The Mplus Base Program and Mixture Add-On contains all of the features of the Mplus Base Program. In addition, it estimates regression mixture models; path analysis mixture models; latent class analysis; latent class analysis with multiple categorical latent variables; loglinear models; finite mixture models; Complier Average Causal Effect (CACE) models; latent class growth analysis; latent transition analysis; hidden Markov models; and discrete- and continuous-time survival mixture analysis. Observed dependent variables can be continuous, censored, binary, ordered categorical (ordinal), unordered categorical (nominal), counts, or a combination of these variable types. Other special features include single or multiple group analysis; missing data estimation; complex survey data analysis including stratification, clustering, and unequal probabilities of selection (sampling weights); latent variable interactions and non-linear factor analysis using maximum likelihood; random slopes; individually-varying times of observation; non-linear parameter constraints; indirect effects; maximum likelihood estimation for all outcomes types; bootstrap standard errors and confidence intervals; automatic starting values with random starts; Bayesian analysis and multiple imputation; Monte Carlo simulation facilities; and a post-processing graphics module.
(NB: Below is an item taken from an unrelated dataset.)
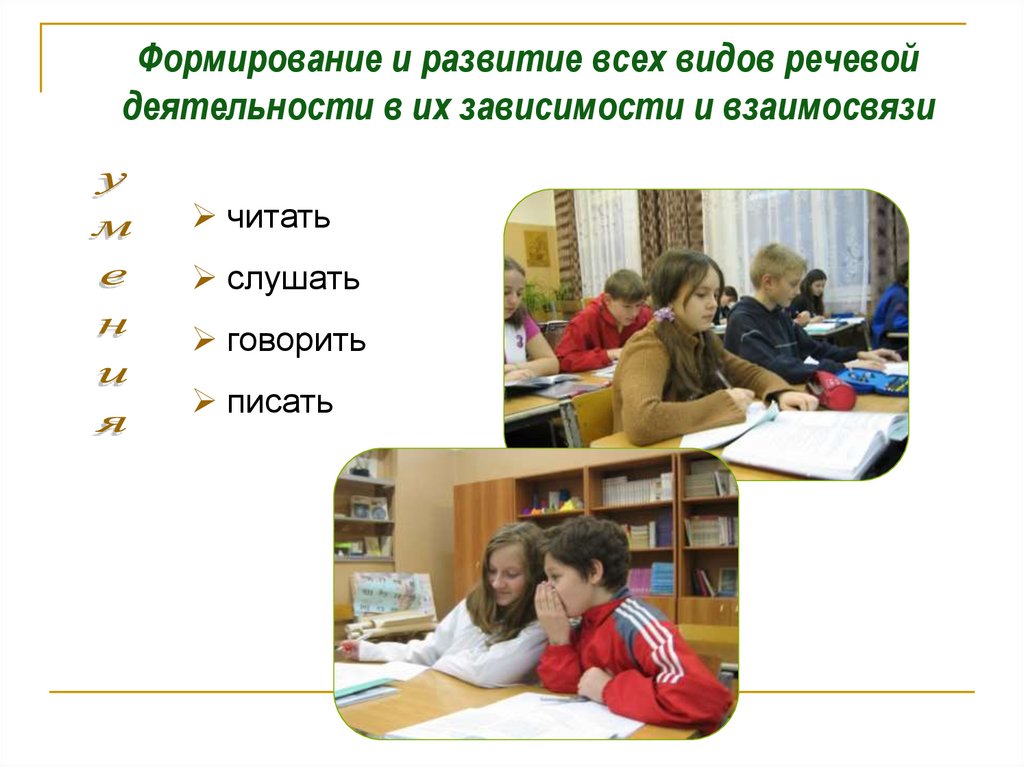 Формирование и развитие всех видов речевойдеятельности в их зависимости и взаимосвязи

Mplus Base Program and Multilevel Add-On

The Mplus Base Program and Multilevel Add-On contains all of the features of the Mplus Base Program. In addition, it estimates models for clustered data using multilevel models. These models include multilevel regression analysis, multilevel path analysis, multilevel factor analysis, multilevel structural equation modeling, multilevel growth modeling, and multilevel discrete- and continuous-time survival models. In multilevel analysis, observed dependent variables can be continuous, censored, binary, ordered categorical (ordinal), unordered categorical (nominal), counts, or a combination of these variable types. Other special features include single or multiple group analysis; missing data estimation; complex survey data analysis including stratification, clustering, and unequal probabilities of selection (sampling weights); latent variable interactions and non-linear factor analysis using maximum likelihood; random slopes; individually-varying times of observation; non-linear parameter constraints; maximum likelihood estimation for all outcomes types; Bayesian analysis and multiple imputation; Monte Carlo simulation facilities; and a post-processing graphics module.


Mplus Base Program and Combination Add-On

The Mplus Base Program and Combination Add-On contains all of the features of the Mplus Base Program and the Mixture and Multilevel Add-Ons. In addition, it includes models that handle both clustered data and latent classes in the same model, for example, two-level regression mixture analysis, two-level mixture confirmatory factor analysis (CFA) and structural equation modeling (SEM), and two-level latent class analysis, multilevel growth mixture modeling, and two-level discrete- and continuous-time survival mixture analysis. Other special features include missing data estimation; complex survey data analysis including stratification, clustering, and unequal probabilities of selection (sampling weights); latent variable interactions and non-linear factor analysis using maximum likelihood; random slopes; individually-varying times of observation; non-linear parameter constraints; maximum likelihood estimation for all outcomes types; Bayesian analysis and multiple imputation; Monte Carlo simulation facilities; and a post-processing graphics module.